Shown below are entries with pictures; the line with "In the chart" through the line with "(新当选的清水县监察委员会主任马利民向宪法宣誓)" is the span to retype exactly, and the pictures stay out.

**** PROVIDED RECORDS ****

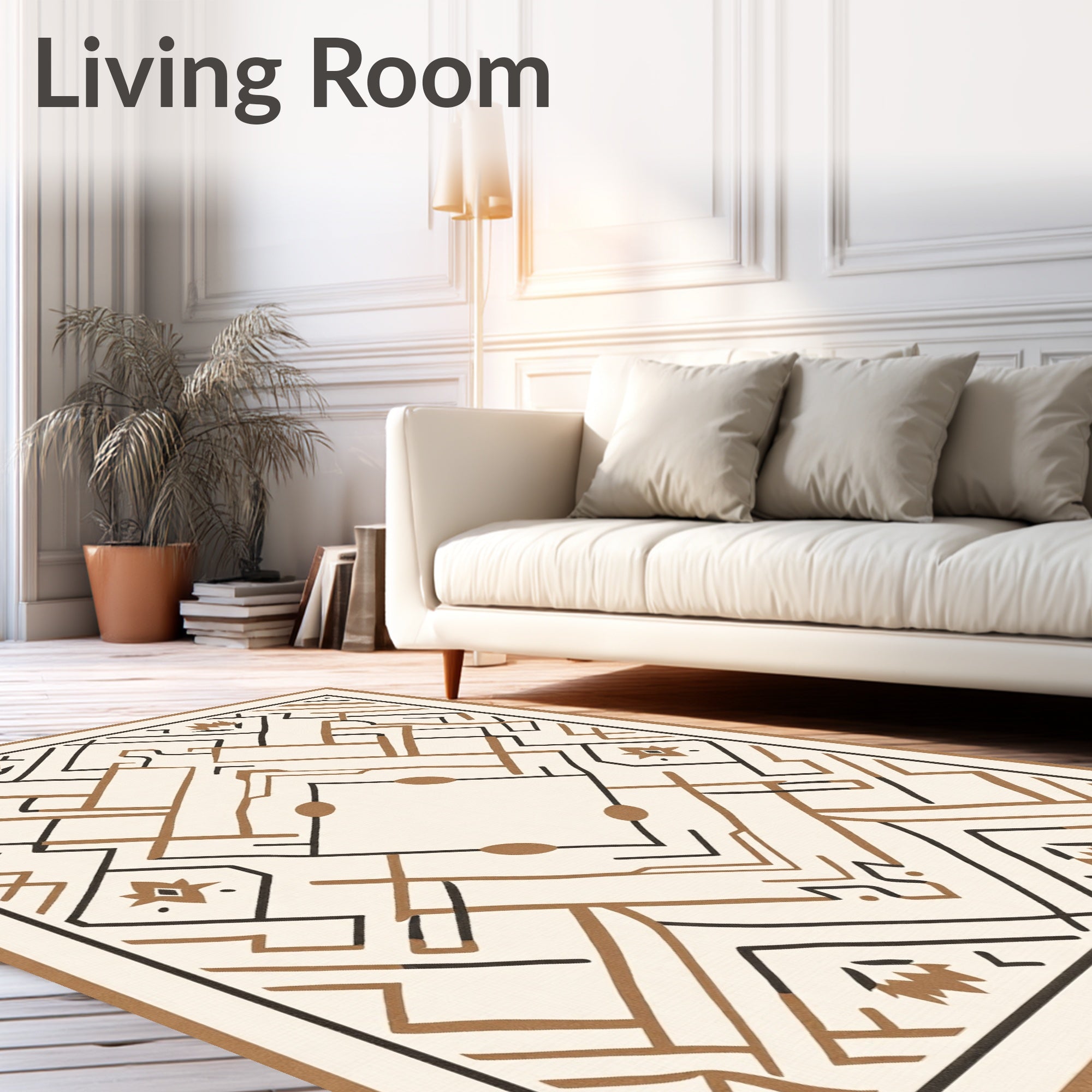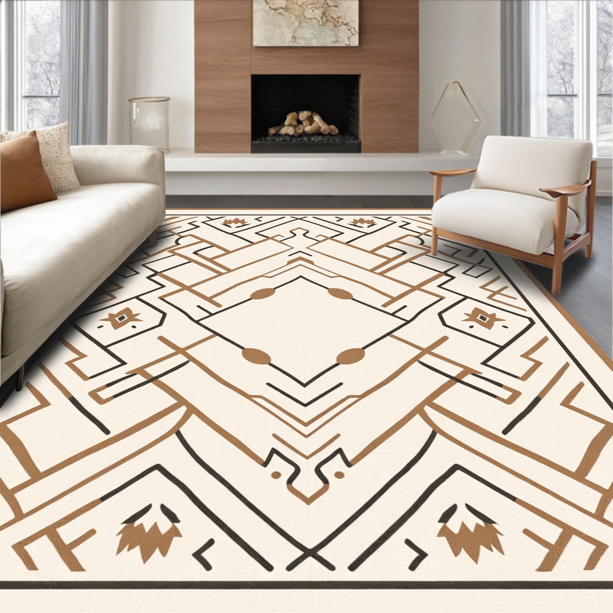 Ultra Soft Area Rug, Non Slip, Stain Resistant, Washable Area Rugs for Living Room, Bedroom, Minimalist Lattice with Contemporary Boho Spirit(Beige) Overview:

****
**** PROVIDED RECORDS ****

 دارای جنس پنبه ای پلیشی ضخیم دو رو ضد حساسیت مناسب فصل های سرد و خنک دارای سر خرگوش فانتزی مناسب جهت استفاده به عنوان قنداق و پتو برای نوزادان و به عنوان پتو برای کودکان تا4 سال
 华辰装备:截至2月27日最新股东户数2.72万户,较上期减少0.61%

****
**** PROVIDED RECORDS ****

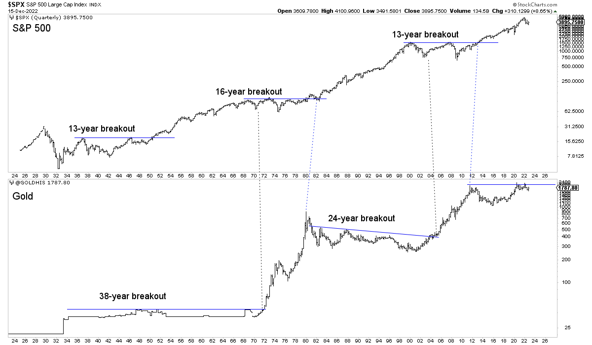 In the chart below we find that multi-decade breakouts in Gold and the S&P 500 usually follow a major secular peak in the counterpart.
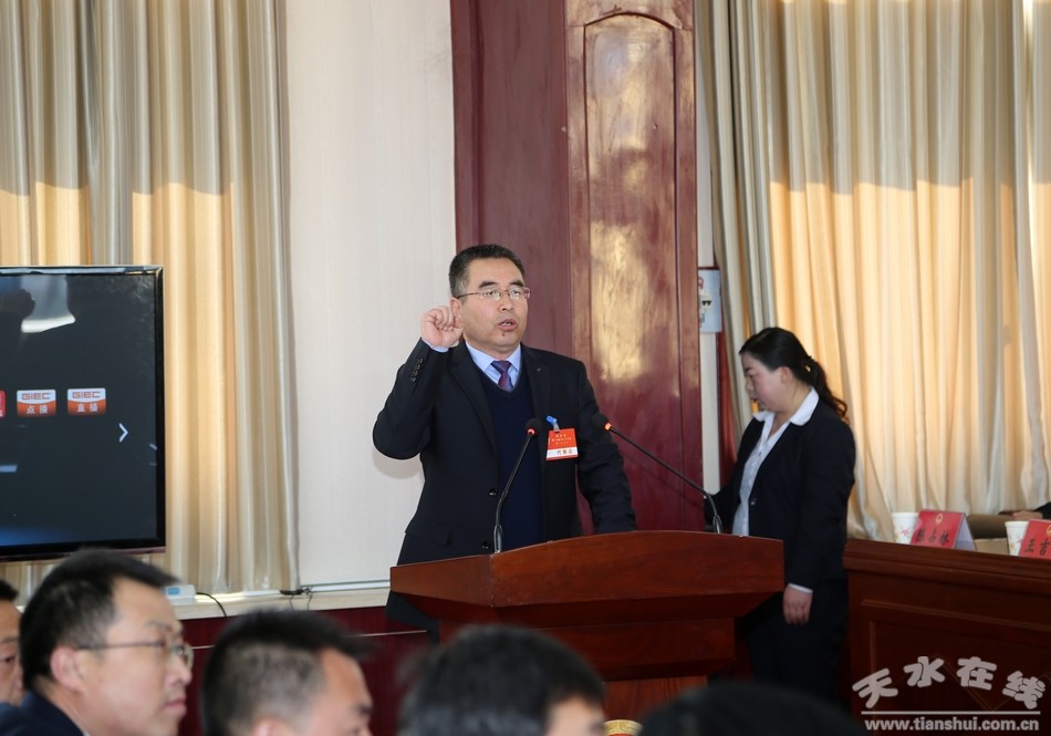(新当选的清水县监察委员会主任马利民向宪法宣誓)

****

_WRITTEN SOLUTION_.
 In the chart below we find that multi-decade breakouts in Gold and the S&P 500 usually follow a major secular peak in the counterpart.
(新当选的清水县监察委员会主任马利民向宪法宣誓)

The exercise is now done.